Abstract
The majority of disease-associated variants identified through genome-wide association studies (GWAS) are located outside of protein-coding regions, and are collectively overrepresented in sequences that regulate gene expression. Prioritizing candidate regulatory variants and potential biological mechanisms for further functional experiments, such as genome editing, can be challenging, especially in regions with a high number of variants in strong linkage disequilibrium or multiple proximal gene targets. Improved annotation of the regulatory genome can help identify promising variants and target genes for further experiments and accelerate translation of identified GWAS loci into important biological insights. To advance this area, we developed FORGEdb (https://forge2.altiusinstitute.org/files/forgedb.html), a web-based tool that can rapidly integrate data for individual genetic variants, providing information on associated regulatory elements, transcription factor (TF) binding sites and target genes. FORGEdb uses annotations derived from data across a wide range of biological samples to delineate the regulatory context for each variant at the cell type level.

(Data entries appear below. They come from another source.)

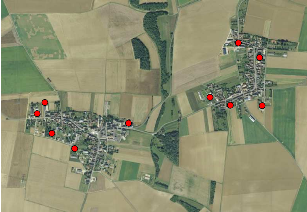
Figure 15 : Localisation des sièges d'exploitations (fond cartographique IGN)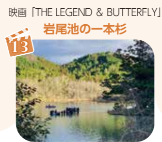
映画「THE LEGEND & BUTTERFLY」 岩尾池の一本杉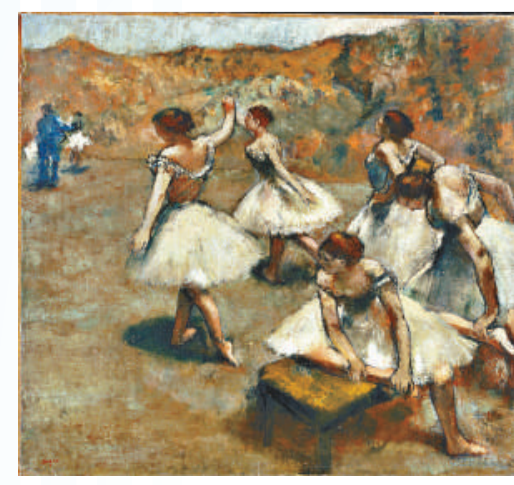
▲埃德加·德加《舞台上的舞者》，布面油畫，里昂美術館

法國的藝術世界聞名，所到之處總能引來無數追捧。是次上海世博會的法國國家館也因有巴黎奧賽博物館七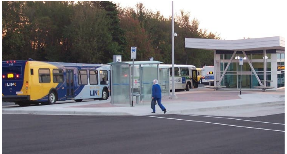
La gare à Portland Hills.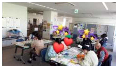
お手紙作成ボランティア in 橿原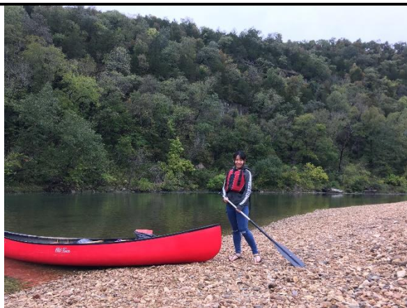
參加健身中心舉辦的四天三日獨木舟旅行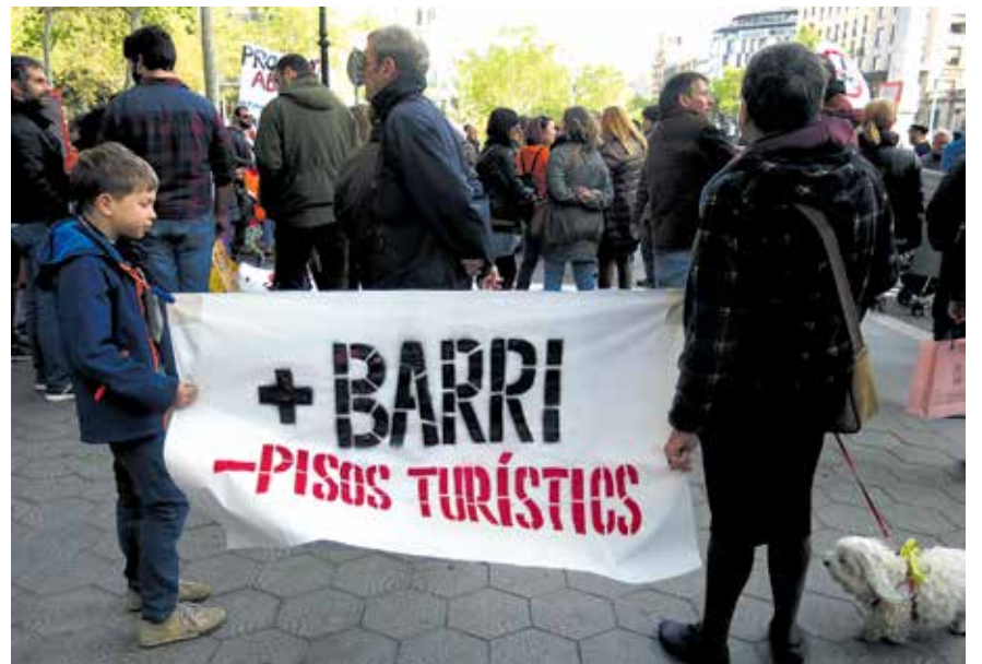
Manifestació veïnal per denunciar el model turístic.

En termes convencionals, l'economia de Barcelona presenta uns resultats acceptables. S'ha reconvertit des d'una economia fonamentalment industrial cap a una de serveis, ha superat successives crisis i la ciutat segueix essent una metròpoli de segon ordre en l'economia global. Malgrat que el turisme ha jugat un paper important en la reconversió i és la cara més visible del model, l'activitat està més diversificada: sobretot en les TIC [Tecnologies de la Informació i la Comunicació], la sanitat, l'educació i la recerca, el comerç i en tota la gamma de serveis que genera una àrea com la nostra. Quan, en canvi, l'avaluació es fa des d'altres perspectives, el resultat és molt menys optimista. Les desigualtats socials són molt grans i no hi ha forma de reduir-les significativament. El seu efecte es tradueix en nuclis irreductibles de pobresa, en creixents problemes d'accés a l'habitatge, d'alimentació, de pobresa energètica i de marginació social. En termes ecològics el model és clarament insostenible. La pressió sobre el medi natural és visible en el canvi climàtic, la contaminació, els problemes alimentaris, la sequera... En conjunt, és un

Different datatypes, including CADD scores, expression quantitative trait loci (eQTLs), activity-by-contact (ABC) interactions, Contextual Analysis of TF Occupancy (CATO) scores, TF motifs, DNase I hotspots, histone mark ChIP-seq and chromatin states in FORGEdb are made available for >37 million variants, and these annotations are integrated into a FORGEdb score to guide assignment of functional importance. The inclusion of a wide range of genomic annotations, such as ABC interactions and CADD scores, provides a comprehensive resource for researchers seeking to prioritize variants for functional validation. In summary, FORGEdb provides an expansive and unique resource for the analysis of genomic variants associated with complex traits and diseases.
Competing Interest Statement
The authors have declared no competing interest.